→ Work item
The required output is the exact run of lines in the listing below from the line holding "中证智能财讯春风动力(603" through the line holding "消防官兵到達(dá)現(xi", with no pictures.

→ Source data

====

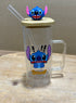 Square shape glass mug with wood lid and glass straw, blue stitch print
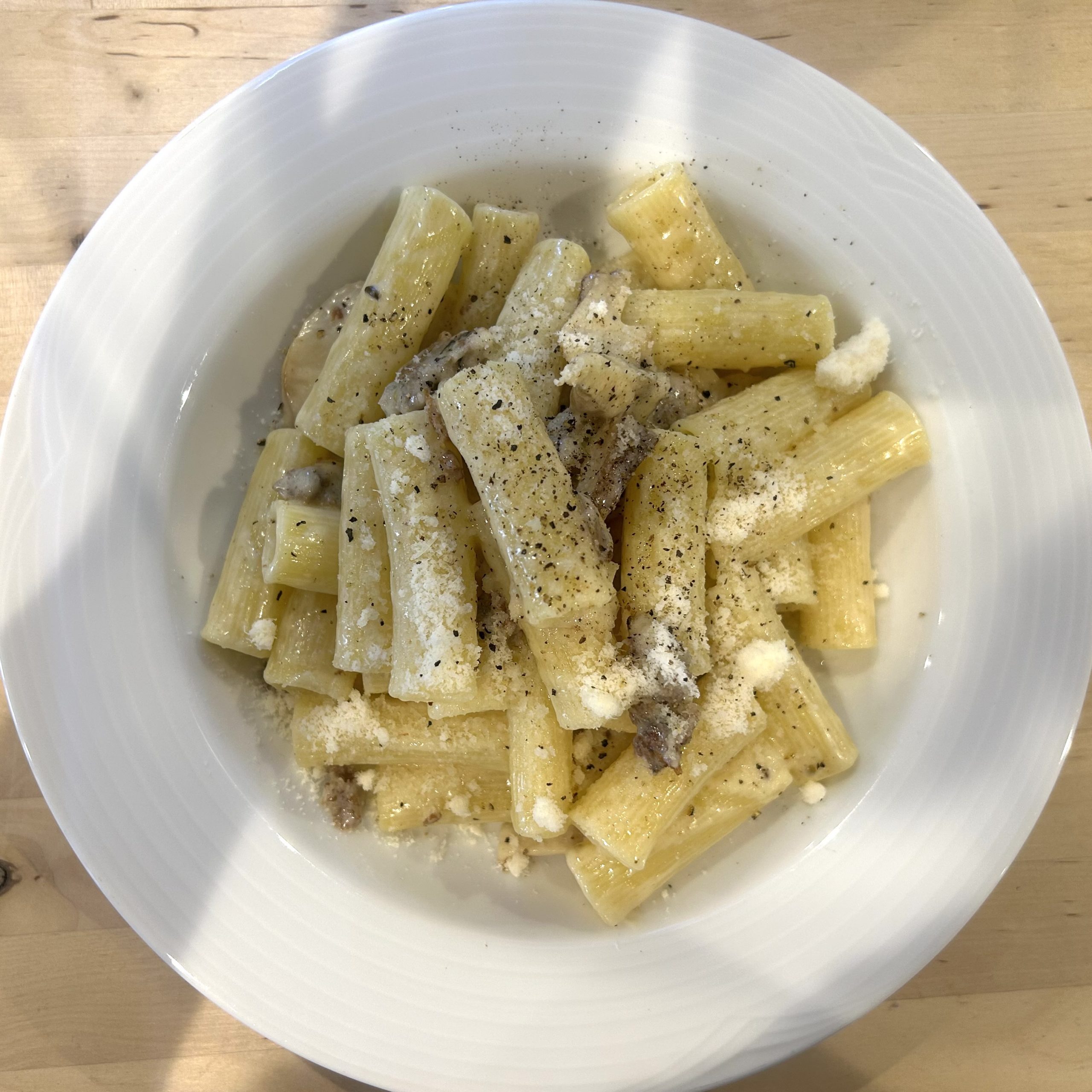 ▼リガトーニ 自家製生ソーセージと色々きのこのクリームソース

====

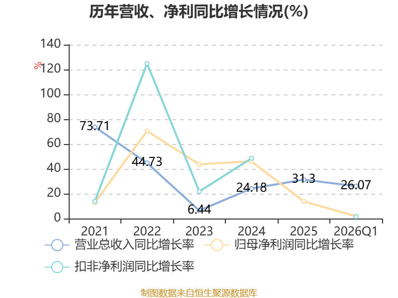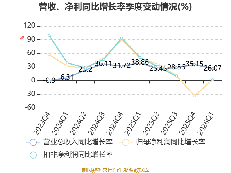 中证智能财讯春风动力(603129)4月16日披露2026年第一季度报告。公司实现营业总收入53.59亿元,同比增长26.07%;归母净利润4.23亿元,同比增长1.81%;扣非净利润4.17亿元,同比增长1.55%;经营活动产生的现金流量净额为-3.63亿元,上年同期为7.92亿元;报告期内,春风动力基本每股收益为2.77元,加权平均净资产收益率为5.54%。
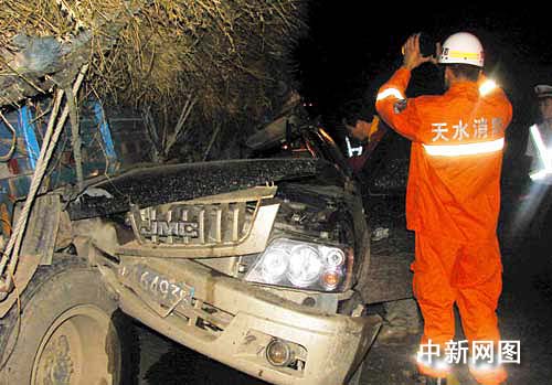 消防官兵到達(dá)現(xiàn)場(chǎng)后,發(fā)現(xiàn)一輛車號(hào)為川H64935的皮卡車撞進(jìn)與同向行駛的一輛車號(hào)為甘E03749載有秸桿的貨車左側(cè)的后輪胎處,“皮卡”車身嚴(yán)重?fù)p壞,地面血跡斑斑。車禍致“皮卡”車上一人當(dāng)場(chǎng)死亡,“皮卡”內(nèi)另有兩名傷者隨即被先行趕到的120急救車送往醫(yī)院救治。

====

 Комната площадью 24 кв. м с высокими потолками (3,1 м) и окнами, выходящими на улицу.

====

→ Written response
 中证智能财讯春风动力(603129)4月16日披露2026年第一季度报告。公司实现营业总收入53.59亿元,同比增长26.07%;归母净利润4.23亿元,同比增长1.81%;扣非净利润4.17亿元,同比增长1.55%;经营活动产生的现金流量净额为-3.63亿元,上年同期为7.92亿元;报告期内,春风动力基本每股收益为2.77元,加权平均净资产收益率为5.54%。
 消防官兵到達(dá)現(xiàn)場(chǎng)后,發(fā)現(xiàn)一輛車號(hào)為川H64935的皮卡車撞進(jìn)與同向行駛的一輛車號(hào)為甘E03749載有秸桿的貨車左側(cè)的后輪胎處,“皮卡”車身嚴(yán)重?fù)p壞,地面血跡斑斑。車禍致“皮卡”車上一人當(dāng)場(chǎng)死亡,“皮卡”內(nèi)另有兩名傷者隨即被先行趕到的120急救車送往醫(yī)院救治。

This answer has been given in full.